Wherobots makes Spatial Data + AI pipelines 10 times faster on Databricks
Geospatial data is becoming increasingly prevalent in various industries and applications, from automotive and logistics to environmental monitoring and urban planning. However, processing and analyzing this data can be a major challenge due to its sheer size and complexity. Geospatial data processing requires specialized tools and techniques, and even with these in place, it can still be slow and time-consuming.
Many Databricks customers have been utilizing Apache Sedona for this very purpose for several years, with its optimized spatial algorithms and breadth of function. Now, Wherobots is offering even faster and more robust tooling for use with Databricks.

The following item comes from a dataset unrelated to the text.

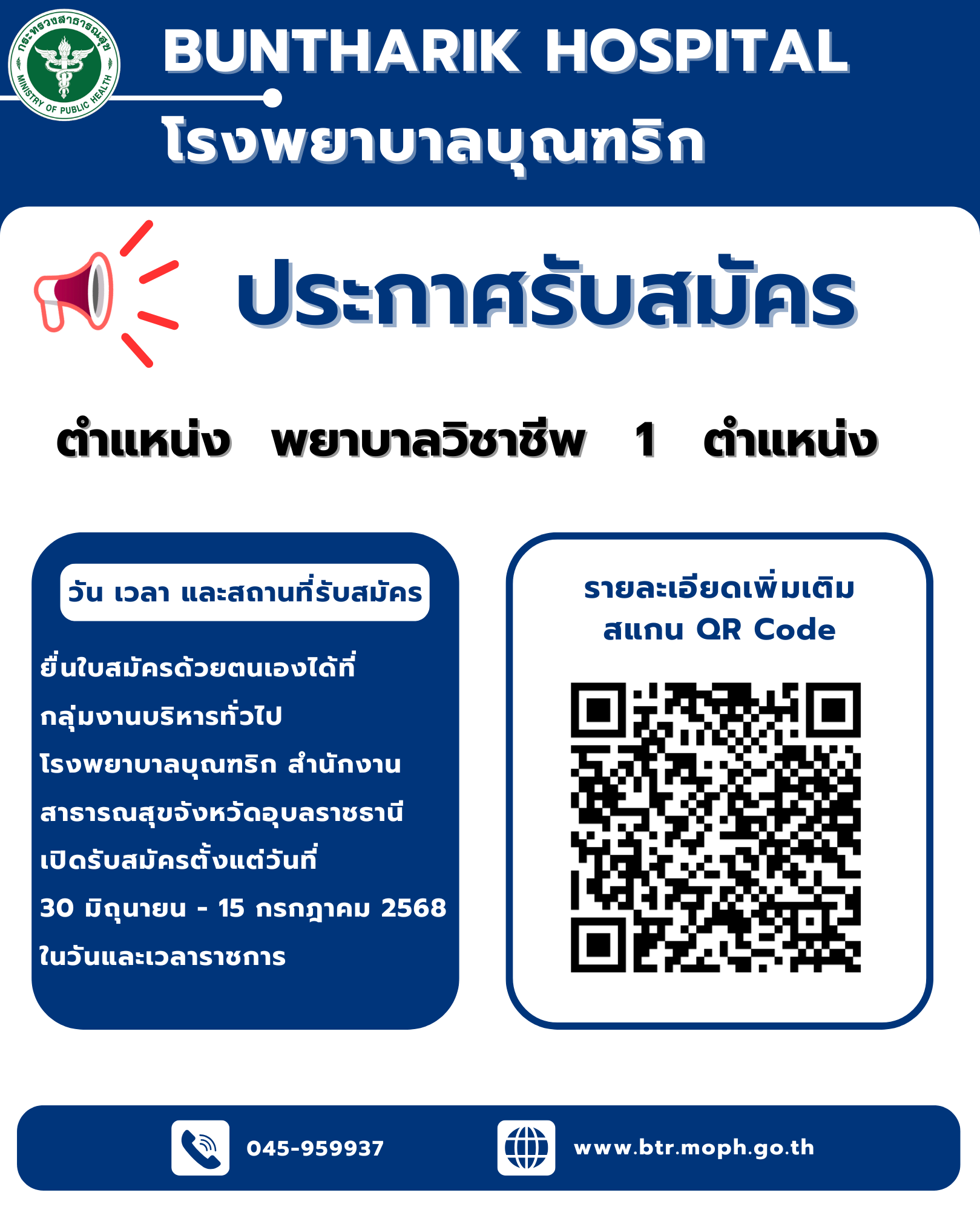 ประกาศโรงพยาบาลบุณฑริก เรื่อง รับสมัครบุคคลเพื่อสรรหาและเลือกสรรเป็นลูกจ้างชั่วคราวเงินบำรุง (รายเดือน)

Why integrating Wherobots with Databricks
Wherobots leverages the power of Apache Sedona to provide scalable and efficient data processing. With Wherobots, developers can easily ingest, process, and analyze geospatial data at scale, without the need for specialized hardware or software. This means that developers can spend less time worrying about infrastructure and more time focusing on building meaningful applications and insights from their geospatial data.
What you can do with Wherobots on Databricks
With Wherobots on Databricks, you can complete complicated Spatial data+AI tasks, and see significant speedups on even the simplest of spatial operations.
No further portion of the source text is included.